▼
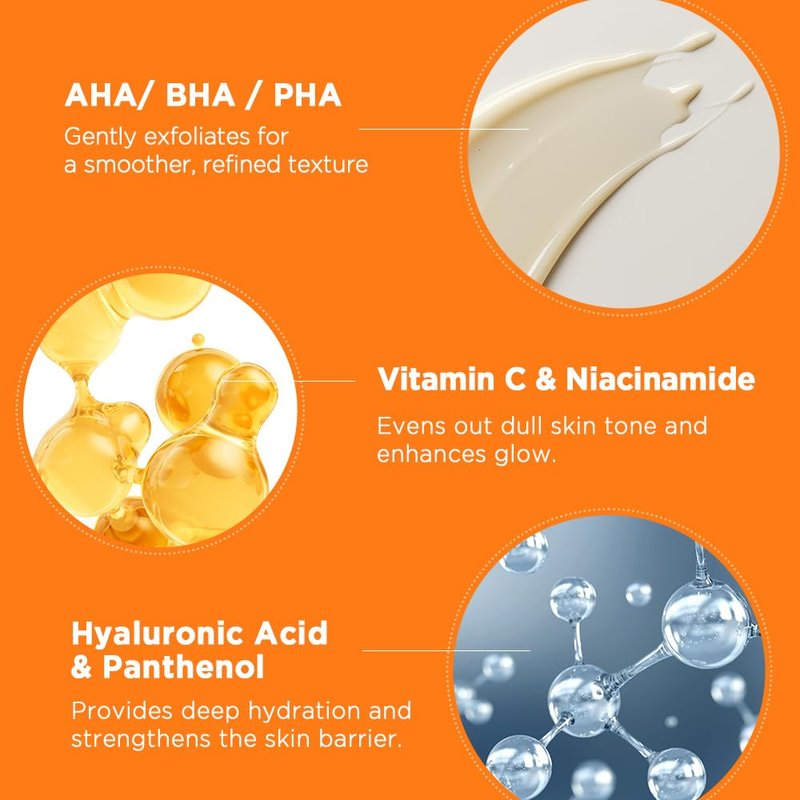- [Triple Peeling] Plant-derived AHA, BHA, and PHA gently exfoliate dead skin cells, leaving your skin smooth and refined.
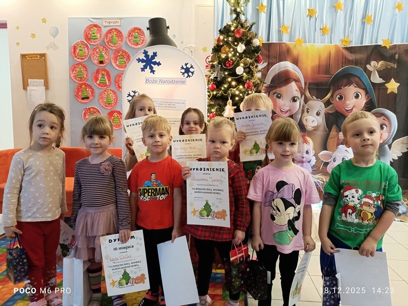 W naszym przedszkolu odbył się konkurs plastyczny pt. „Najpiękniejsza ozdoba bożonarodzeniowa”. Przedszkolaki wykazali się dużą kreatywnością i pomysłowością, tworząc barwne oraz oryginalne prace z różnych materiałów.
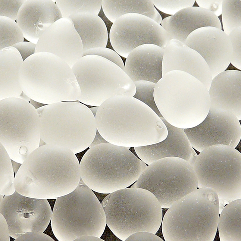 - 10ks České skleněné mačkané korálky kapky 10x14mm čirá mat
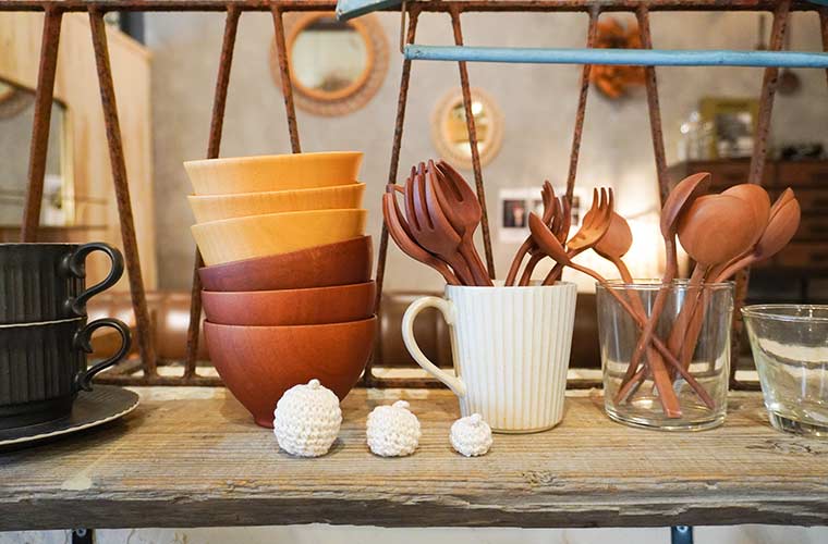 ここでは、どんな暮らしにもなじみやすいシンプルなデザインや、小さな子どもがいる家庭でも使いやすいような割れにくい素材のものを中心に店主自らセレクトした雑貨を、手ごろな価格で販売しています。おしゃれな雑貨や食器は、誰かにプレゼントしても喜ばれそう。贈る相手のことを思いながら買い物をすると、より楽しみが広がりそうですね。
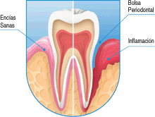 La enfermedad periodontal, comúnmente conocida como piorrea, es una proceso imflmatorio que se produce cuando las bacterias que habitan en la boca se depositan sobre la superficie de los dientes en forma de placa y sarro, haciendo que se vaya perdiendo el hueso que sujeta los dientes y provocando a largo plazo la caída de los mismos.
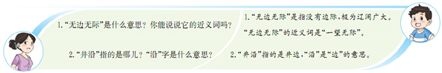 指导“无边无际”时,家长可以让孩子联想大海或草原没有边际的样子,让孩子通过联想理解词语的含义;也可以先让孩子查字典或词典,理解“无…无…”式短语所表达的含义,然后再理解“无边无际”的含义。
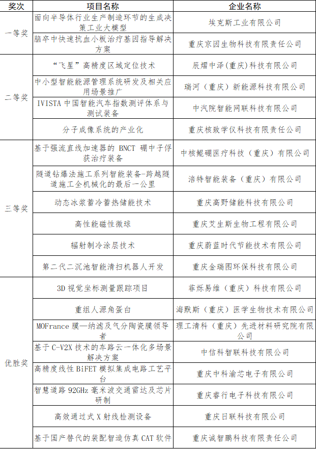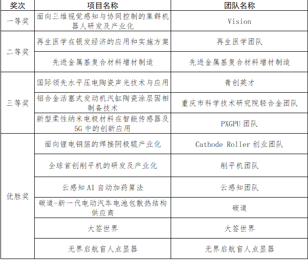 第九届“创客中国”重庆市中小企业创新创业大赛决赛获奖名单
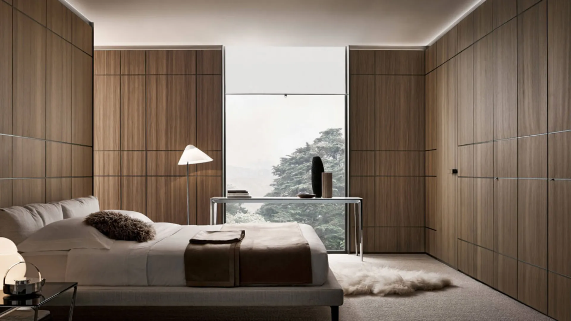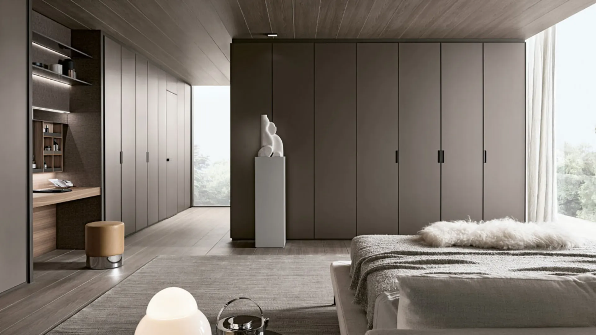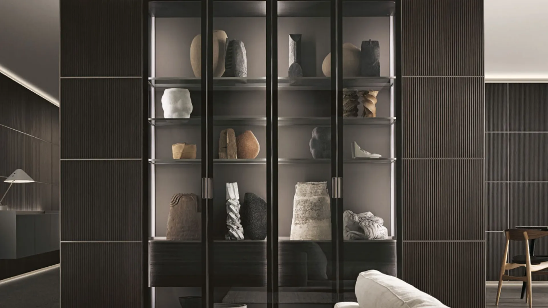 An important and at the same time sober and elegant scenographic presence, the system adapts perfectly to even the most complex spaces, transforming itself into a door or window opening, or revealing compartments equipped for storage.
▲
■ **Task directions**
Pictures stay out; reproduce exactly the lines from the one containing "La enfermedad periodontal, comúnmente" through the end of the data.

■ **Exercise result**
 La enfermedad periodontal, comúnmente conocida como piorrea, es una proceso imflmatorio que se produce cuando las bacterias que habitan en la boca se depositan sobre la superficie de los dientes en forma de placa y sarro, haciendo que se vaya perdiendo el hueso que sujeta los dientes y provocando a largo plazo la caída de los mismos.
 指导“无边无际”时,家长可以让孩子联想大海或草原没有边际的样子,让孩子通过联想理解词语的含义;也可以先让孩子查字典或词典,理解“无…无…”式短语所表达的含义,然后再理解“无边无际”的含义。
 第九届“创客中国”重庆市中小企业创新创业大赛决赛获奖名单
 An important and at the same time sober and elegant scenographic presence, the system adapts perfectly to even the most complex spaces, transforming itself into a door or window opening, or revealing compartments equipped for storage.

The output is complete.